I really dreaded my 40th birthday. It's such a BIG birthday. My
husband and my friends made it really special. Birthday cakes, flowers, balloons, surprise lunch, surprise dinner-party, and other gifts. Most of all I appreciate their presents, not gifts, but time with me. Nothing is more important to me than the people in my life. God has taught me so much in my 40 years, but that is one of the things I really, really get. I am grateful that I don't struggle with keeping up with the Jones. I happily look for ways to save money and don't care if I don't have a $500 purse. I have learned... blood doesn't make family. I have some amazing sisters that grew up in different homes, but I love them dearly. You know who you are. (If you wonder if it is you, it is). I have learned to not judge God based upon my circumstances, but to judge my circumstances based upon who I know God to be. I have learned not to say "if only" for that leads me to be bitter with God. I have learned not to say "what if" for that leads me to be anxious. Through John-Michael's diagnosis, I have been given the gift of today.
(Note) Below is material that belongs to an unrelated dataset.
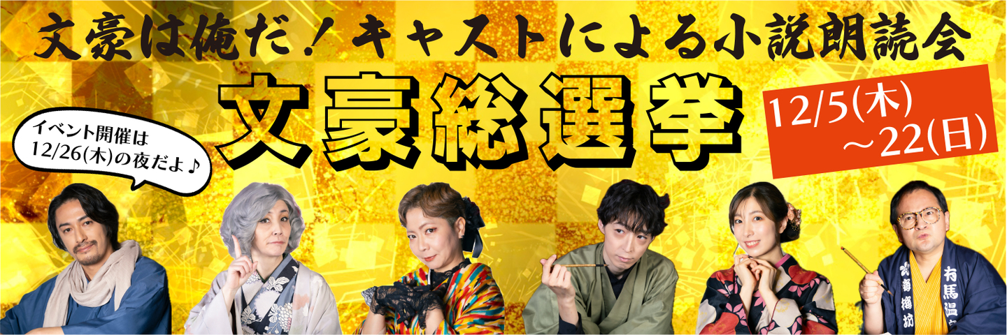 劇団6番シード第79回公演『文豪が多すぎる』に於いて、終演後イベント「文豪は俺だ!キャストによる小説朗読会」を実施するにあたり、以下のとおり文豪総選挙を実施いたします。

Today we are happy and healthy. I don't waste time ...don't doodle days away, but try to make each one count. We still have stuff happen. This past week our toilet broke and ruined part of the ceiling in the basement. I would rather have spent that money else where...but so grateful God provided a contractor at a great rate...great work. I have had time in my life where my depression was so bad that I had to take anti-depressants, where I shook my fist at God (still amazed He didn't zap me...just shows His amazing patience). I have had times that I cried for days and days, but that time is many years behind. This is due in large part to trusting God more..and myself less. Russell, my husband, gave me a great compliment on my birthday. He said, "you look a decade younger in your looks, and a decade older in your wisdom". Here's praying I keep that trend going.
Blessings,
Rachel

Comments

  1. Happy 40th Birthday, Rachel!!! I'm so glad you were born and even more thankful that you were born again through Christ! You certainly are a very beautiful 40 year old... inside and out! I'm so thankful to be blessed by your encouraging blogs!